I have the following DataFrame that i got after left merging two dfs:
A | B | C_x | D_x | C_y | D_y |
---|---|---|---|---|---|
0 | 1136006640 | NaT | NaT | 2022-11-18 | 2022-11-24 |
1 | 1136030941 | NaT | NaT | 2022-11-30 | 2022-12-09 |
3 | 1136051543 | 2022-11-25 | 2022-12-16 | NaT | NaT |
4 | 1136072241 | NaT | NaT | 2022-12-20 | 2022-12-29 |
How can I join the C and D columns, so that the NaT values are replaced by the date. If the _x columns has data, the _y column is always NaT and vice versa.
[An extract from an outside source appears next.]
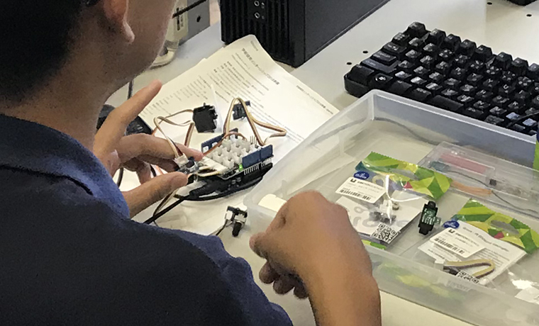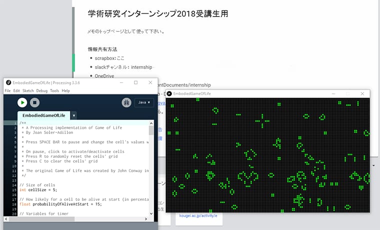 例えば人工生命研究室では5日間に渡り、「フィジカルコンピューティングによる生きているスマートホームの開発」というタイトルで、ArduinoマイコンやIoTデバイスと人工生命プログラムを連携させたスマートホームシステムの開発に取り組んでいます。上部ギャラリーはそちらの様子です。
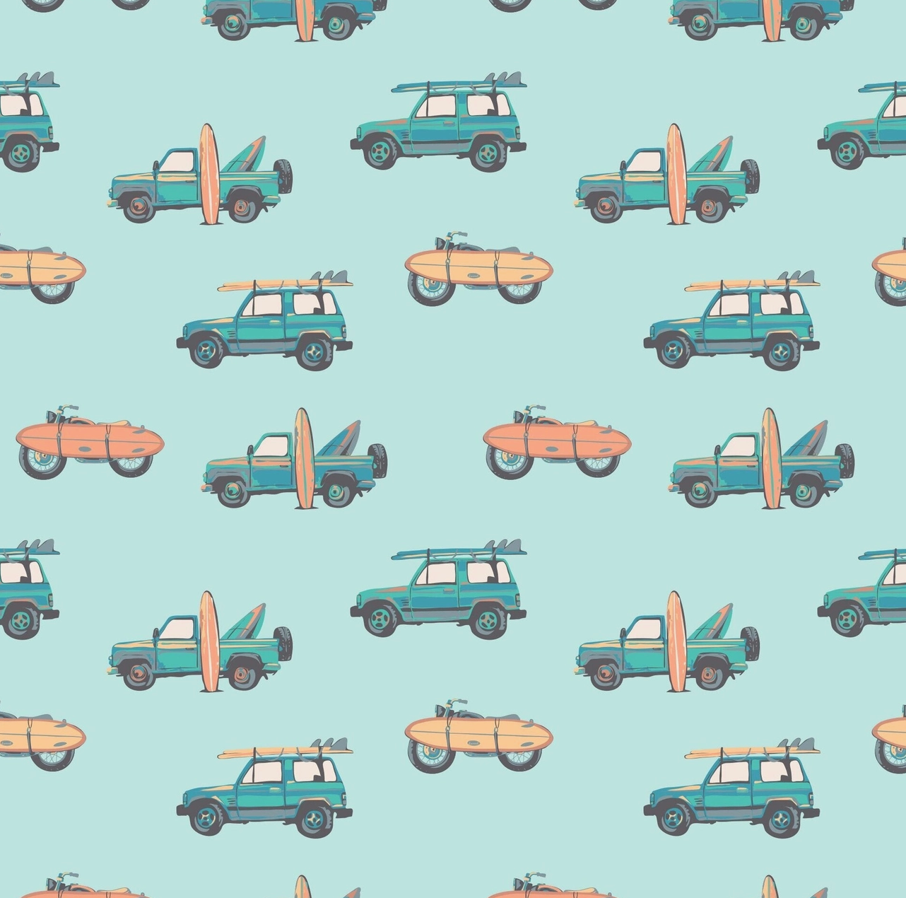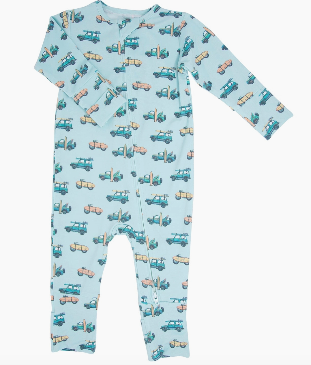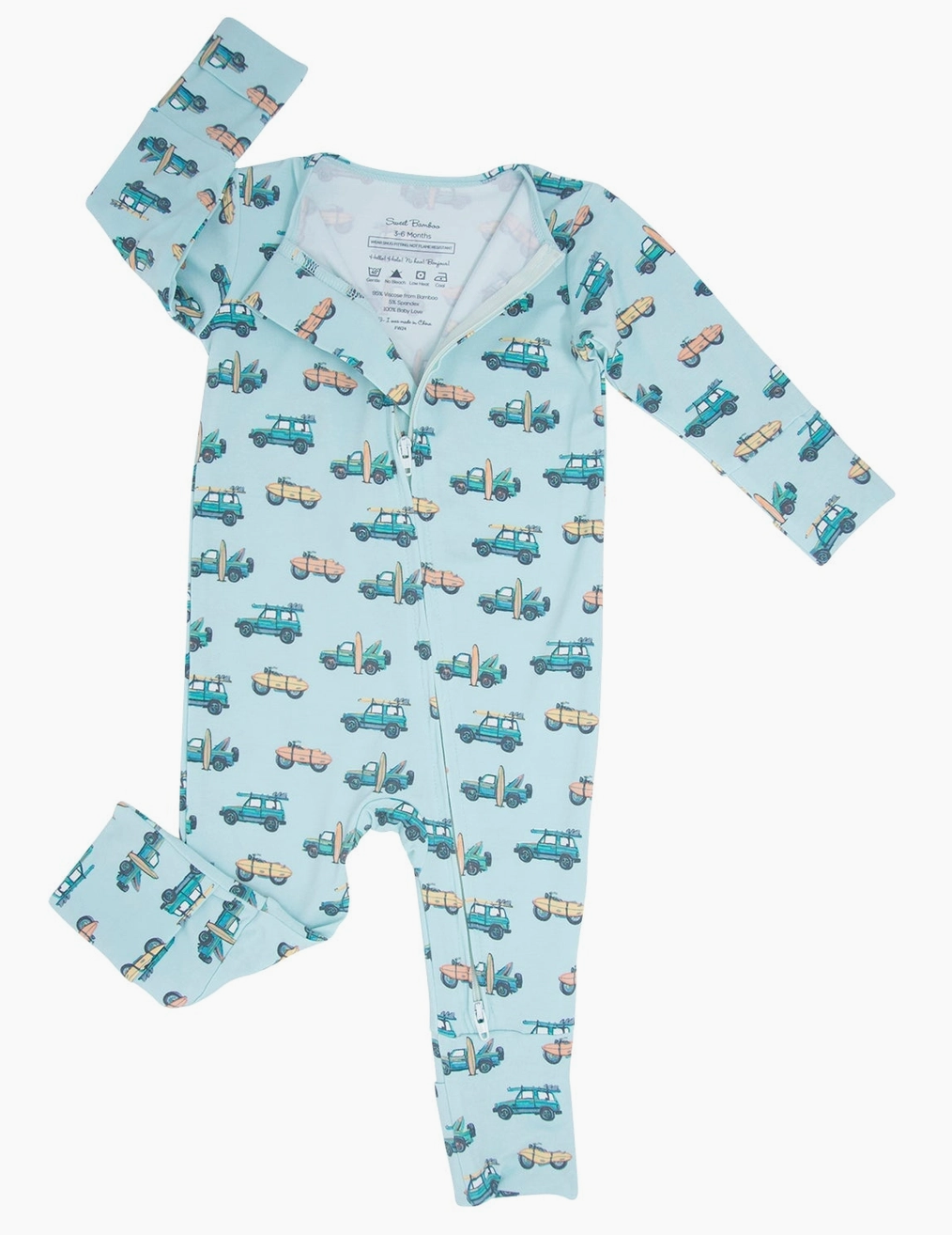 A blue and white bamboo romper with palm leaf patterns, featuring a 2-way zipper and fold-over handcuffs.

Can I fix this already, when merging or do i have to do it afterwards?
CodePudding user response:
The code below constructs new columns C_z
,D_z
. To this end, it copies dates from columns C_x
, D_x
. If there are no dates for a specific row in both columns, it copies dates from C_y
,D_y
.
import pandas as pd
import numpy as np
from io import StringIO
# setup sample data
data = """
A;B;C_x;D_x;C_y;D_y
0;1136006640;NaT;NaT;2022-11-18;2022-11-24
1;1136030941;NaT;NaT;2022-11-30;2022-12-09
3;1136051543;2022-11-25;2022-12-16;NaT;NaT
4;1136072241;NaT;NaT;2022-12-20;2022-12-29
"""
df = pd.read_csv(StringIO(data), sep=';', parse_dates=['C_x','D_x','C_y','D_y'])
# combine dates
mask = df[['C_y','D_y']].isnull().all(axis=1)
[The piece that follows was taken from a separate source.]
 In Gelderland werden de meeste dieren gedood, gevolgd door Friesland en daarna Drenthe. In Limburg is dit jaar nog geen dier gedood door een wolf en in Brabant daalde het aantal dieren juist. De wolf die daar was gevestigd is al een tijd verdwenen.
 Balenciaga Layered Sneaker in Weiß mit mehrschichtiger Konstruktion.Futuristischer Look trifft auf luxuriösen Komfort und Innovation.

df.loc[mask,'C_z'] = df['C_x']
df.loc[mask,'D_z'] = df['D_x']
Result:
A B C_x D_x C_y D_y C_z D_z
0 0 1136006640 NaT NaT 2022-11-18 2022-11-24 2022-11-18 2022-11-24
1 1 1136030941 NaT NaT 2022-11-30 2022-12-09 2022-11-30 2022-12-09
2 3 1136051543 2022-11-25 2022-12-16 NaT NaT 2022-11-25 2022-12-16
3 4 1136072241 NaT NaT 2022-12-20 2022-12-29 2022-12-20 2022-12-29
CodePudding user response:
Use DataFrame.combine_first
with remove suffixes for same columns names:
df1 = df.filter(regex='_x$').rename(columns=lambda x: x.replace('_x',''))
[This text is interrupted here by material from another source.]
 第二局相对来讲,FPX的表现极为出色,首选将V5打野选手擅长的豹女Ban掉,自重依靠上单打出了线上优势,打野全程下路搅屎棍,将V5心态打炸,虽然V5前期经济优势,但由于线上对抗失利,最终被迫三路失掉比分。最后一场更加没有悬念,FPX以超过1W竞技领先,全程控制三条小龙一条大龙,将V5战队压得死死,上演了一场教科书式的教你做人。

df2 = df.filter(regex='_y$').rename(columns=lambda x: x.replace('_y',''))
df = df.join(df1.combine_first(df2))
print (df)
A B C_x D_x C_y D_y C \
0 0 1136006640 NaT NaT 2022-11-18 2022-11-24 2022-11-18
1 1 1136030941 NaT NaT 2022-11-30 2022-12-09 2022-11-30
2 3 1136051543 2022-11-25 2022-12-16 NaT NaT 2022-11-25
3 4 1136072241 NaT NaT 2022-12-20 2022-12-29 2022-12-20
D
0 2022-11-24
1 2022-12-09
2 2022-12-16
3 2022-12-29
If input data are like:
print (df1)
B C D
0 1136051543 2022-11-25 2022-12-16
print (df2)
B C D
0 1136006640 2022-11-18 2022-11-24
1 1136030941 2022-11-30 2022-12-09
2 1136072241 2022-12-20 2022-12-29
Then instead merge
use concat
(if df1.index
not exist in df2.index
, so merge
create missing values like in question):
df = pd.concat([df1, df2]).sort_values('B', ignore_index=True)
print (df)
B C D
0 1136006640 2022-11-18 2022-11-24
1 1136030941 2022-11-30 2022-12-09
2 1136051543 2022-11-25 2022-12-16
3 1136072241 2022-12-20 2022-12-29
CodePudding user response:
Can you explain what do you want to do a bit more, or even show what the final data set should look like?